Please recall that this essay's title is “Against Poets,” rather than “Against Poetry.” Poetry itself is not the problem. The problem is poets. Those who consider poetry their private property, which they alone are qualified to write, evaluate, explain. Those who insist that their own narrow practice is the full extent of the valid applications of the art. Those who mistakenly believe that what goes on in their own language is all that matters or is relevant. Those who restrain poetry, keep it confined in the restricted space occupied only by other poets.
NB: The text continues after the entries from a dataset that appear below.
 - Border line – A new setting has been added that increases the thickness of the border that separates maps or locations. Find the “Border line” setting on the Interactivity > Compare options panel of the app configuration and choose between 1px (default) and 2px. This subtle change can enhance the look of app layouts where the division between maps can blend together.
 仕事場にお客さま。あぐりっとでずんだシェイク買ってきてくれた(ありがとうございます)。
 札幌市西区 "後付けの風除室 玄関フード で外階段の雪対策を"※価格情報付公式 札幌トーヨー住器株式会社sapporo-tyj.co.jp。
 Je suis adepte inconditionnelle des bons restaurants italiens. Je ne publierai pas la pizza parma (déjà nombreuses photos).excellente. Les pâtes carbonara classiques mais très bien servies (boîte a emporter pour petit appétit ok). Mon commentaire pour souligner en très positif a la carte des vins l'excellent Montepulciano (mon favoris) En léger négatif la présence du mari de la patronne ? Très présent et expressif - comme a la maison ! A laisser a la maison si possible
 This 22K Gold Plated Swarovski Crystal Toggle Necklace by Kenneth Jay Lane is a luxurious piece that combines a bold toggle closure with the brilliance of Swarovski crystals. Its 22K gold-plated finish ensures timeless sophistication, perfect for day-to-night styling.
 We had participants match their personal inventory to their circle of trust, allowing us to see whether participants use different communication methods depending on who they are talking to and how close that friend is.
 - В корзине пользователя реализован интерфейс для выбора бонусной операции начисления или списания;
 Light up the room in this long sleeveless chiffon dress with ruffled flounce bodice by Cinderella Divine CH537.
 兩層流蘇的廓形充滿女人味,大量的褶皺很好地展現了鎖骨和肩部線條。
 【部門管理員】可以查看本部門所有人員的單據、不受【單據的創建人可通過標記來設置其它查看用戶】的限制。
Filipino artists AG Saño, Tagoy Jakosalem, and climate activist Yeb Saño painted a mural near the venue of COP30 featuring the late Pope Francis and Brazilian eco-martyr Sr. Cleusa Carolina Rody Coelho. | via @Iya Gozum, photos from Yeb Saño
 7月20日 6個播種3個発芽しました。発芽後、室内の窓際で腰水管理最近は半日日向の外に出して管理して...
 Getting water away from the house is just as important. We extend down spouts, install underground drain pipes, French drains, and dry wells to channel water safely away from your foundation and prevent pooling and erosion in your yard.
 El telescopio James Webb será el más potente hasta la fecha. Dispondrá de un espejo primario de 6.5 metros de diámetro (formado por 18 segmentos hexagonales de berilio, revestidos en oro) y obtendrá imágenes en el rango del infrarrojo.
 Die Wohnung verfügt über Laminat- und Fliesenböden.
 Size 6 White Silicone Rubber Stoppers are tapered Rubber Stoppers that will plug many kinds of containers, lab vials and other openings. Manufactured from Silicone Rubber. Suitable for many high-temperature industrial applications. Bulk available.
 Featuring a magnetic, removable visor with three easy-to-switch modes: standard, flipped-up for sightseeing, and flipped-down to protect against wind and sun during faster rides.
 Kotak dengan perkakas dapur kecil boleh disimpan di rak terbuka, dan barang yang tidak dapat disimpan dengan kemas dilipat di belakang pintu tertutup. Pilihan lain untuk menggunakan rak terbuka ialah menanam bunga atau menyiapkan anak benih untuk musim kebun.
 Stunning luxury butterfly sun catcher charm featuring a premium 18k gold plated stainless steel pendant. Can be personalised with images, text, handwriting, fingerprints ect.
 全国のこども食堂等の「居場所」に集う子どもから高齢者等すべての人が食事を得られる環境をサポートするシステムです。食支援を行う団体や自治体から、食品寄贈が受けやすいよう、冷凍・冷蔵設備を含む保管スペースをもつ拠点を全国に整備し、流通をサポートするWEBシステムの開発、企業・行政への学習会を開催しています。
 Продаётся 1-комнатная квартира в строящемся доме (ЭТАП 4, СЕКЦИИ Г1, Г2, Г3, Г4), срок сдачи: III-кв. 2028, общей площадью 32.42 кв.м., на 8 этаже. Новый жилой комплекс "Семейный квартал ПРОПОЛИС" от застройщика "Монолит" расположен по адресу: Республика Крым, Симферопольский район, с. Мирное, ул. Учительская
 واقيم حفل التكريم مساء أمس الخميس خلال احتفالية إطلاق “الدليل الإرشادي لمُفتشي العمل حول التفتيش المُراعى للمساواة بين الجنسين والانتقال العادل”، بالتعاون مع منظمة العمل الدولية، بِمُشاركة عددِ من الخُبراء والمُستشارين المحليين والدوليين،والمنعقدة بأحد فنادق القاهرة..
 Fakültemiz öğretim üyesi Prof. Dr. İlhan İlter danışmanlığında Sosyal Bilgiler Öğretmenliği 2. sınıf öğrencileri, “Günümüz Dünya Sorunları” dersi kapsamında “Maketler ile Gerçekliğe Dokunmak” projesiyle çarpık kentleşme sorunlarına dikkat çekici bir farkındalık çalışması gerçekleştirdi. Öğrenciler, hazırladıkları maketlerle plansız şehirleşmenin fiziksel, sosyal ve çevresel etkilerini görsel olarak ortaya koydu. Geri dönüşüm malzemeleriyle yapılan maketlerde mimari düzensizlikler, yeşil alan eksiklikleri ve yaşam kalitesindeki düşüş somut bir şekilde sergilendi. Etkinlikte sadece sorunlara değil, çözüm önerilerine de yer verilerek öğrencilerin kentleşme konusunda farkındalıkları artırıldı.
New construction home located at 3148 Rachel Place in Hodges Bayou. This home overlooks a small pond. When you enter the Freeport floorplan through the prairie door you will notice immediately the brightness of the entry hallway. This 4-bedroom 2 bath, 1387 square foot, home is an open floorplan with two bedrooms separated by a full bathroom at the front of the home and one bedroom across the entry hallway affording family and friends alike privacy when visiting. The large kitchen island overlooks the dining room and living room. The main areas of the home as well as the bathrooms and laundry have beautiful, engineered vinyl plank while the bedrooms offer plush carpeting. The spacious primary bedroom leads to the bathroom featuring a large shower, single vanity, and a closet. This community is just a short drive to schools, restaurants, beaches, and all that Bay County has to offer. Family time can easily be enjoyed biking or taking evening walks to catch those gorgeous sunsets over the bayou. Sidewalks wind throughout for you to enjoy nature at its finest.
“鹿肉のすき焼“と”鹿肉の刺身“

A few weeks ago some friends and I did a reading in an apartment in Brooklyn. There were about twenty-five or thirty people there. Unlike most readings I've been to or taken part in, the audience on this occasion was not composed of other poets. They were most of them between twenty-three and thirty, a few older, a few younger. They weren't poets but they weren't idiots either, and they came out to hear some poems, drink a little, hang out, have a party. They all sat on the floor while we read and I've never seen a better crowd in my life. They were engaged, invested, responsive. Everybody who read wound up having good conversations with them for hours afterward. Those with books to sell sold more than the average number of copies, and I'm sure that most of those books were actually read. Because that's who they were: readers.

One of them asked me, “Hey, where the hell did all the poets go?” My answer was this: Up their own asses. That is not, however, an irreversible historical process or the fate of “Art” in a philistine age. That's not something poets had to do “to survive,” by which they mean “to have air conditioning.” That's a choice made by two or three generations of individual poets, who could just as well have chosen to do the opposite, but lacked the nerve.

I could now rant and rave, exhort people to make a different choice from now on, etc., but that would be embarrassing. It would also be useless because, as Witold says toward the end of his essay, we can "rest easy: nothing will ever change among poets."